> Input data
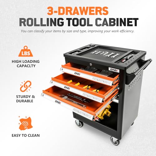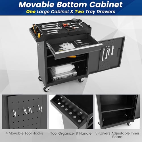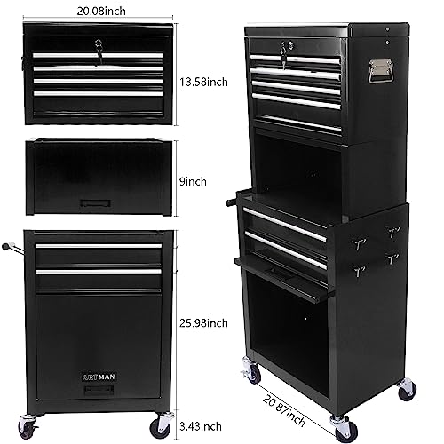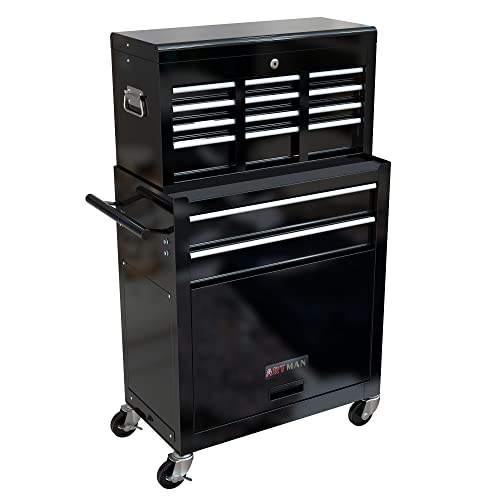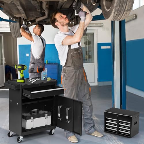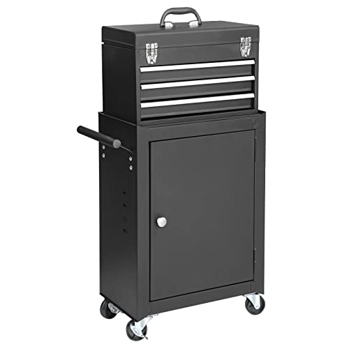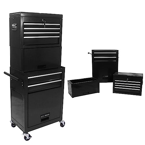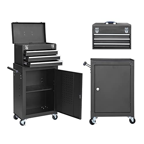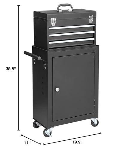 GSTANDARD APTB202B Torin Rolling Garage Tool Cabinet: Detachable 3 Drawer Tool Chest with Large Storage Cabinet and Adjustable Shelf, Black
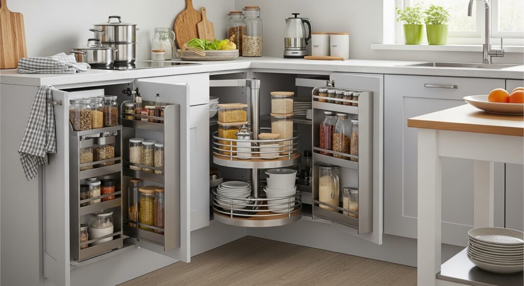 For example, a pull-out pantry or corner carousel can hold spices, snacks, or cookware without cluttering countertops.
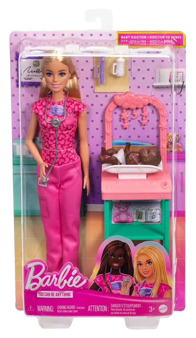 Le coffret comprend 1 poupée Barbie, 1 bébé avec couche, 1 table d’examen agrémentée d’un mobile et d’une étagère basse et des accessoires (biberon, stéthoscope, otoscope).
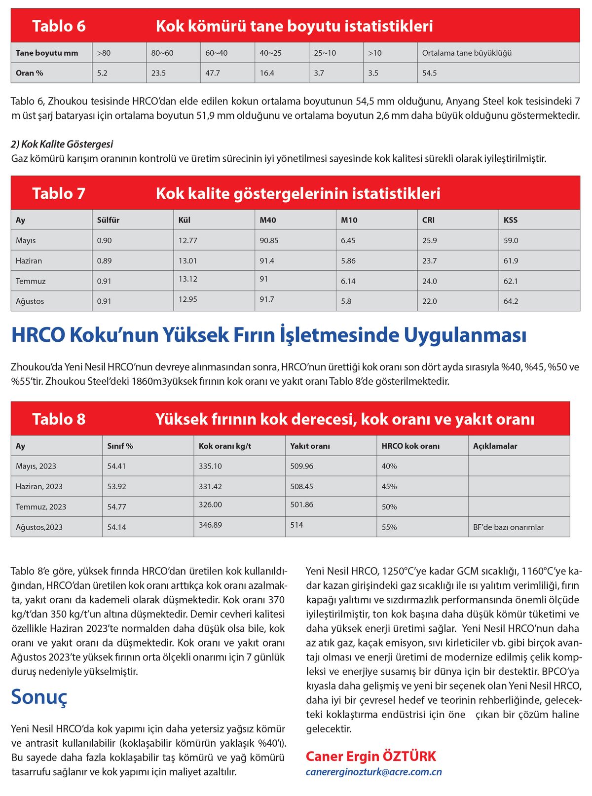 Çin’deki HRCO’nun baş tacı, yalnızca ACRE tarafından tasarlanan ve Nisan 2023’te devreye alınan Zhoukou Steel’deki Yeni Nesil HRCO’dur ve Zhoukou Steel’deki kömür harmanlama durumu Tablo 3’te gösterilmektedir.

> What is required
Leaving out only the pictures, return the material above unchanged.

> Output of the exercise
 GSTANDARD APTB202B Torin Rolling Garage Tool Cabinet: Detachable 3 Drawer Tool Chest with Large Storage Cabinet and Adjustable Shelf, Black
 For example, a pull-out pantry or corner carousel can hold spices, snacks, or cookware without cluttering countertops.
 Le coffret comprend 1 poupée Barbie, 1 bébé avec couche, 1 table d’examen agrémentée d’un mobile et d’une étagère basse et des accessoires (biberon, stéthoscope, otoscope).
 Çin’deki HRCO’nun baş tacı, yalnızca ACRE tarafından tasarlanan ve Nisan 2023’te devreye alınan Zhoukou Steel’deki Yeni Nesil HRCO’dur ve Zhoukou Steel’deki kömür harmanlama durumu Tablo 3’te gösterilmektedir.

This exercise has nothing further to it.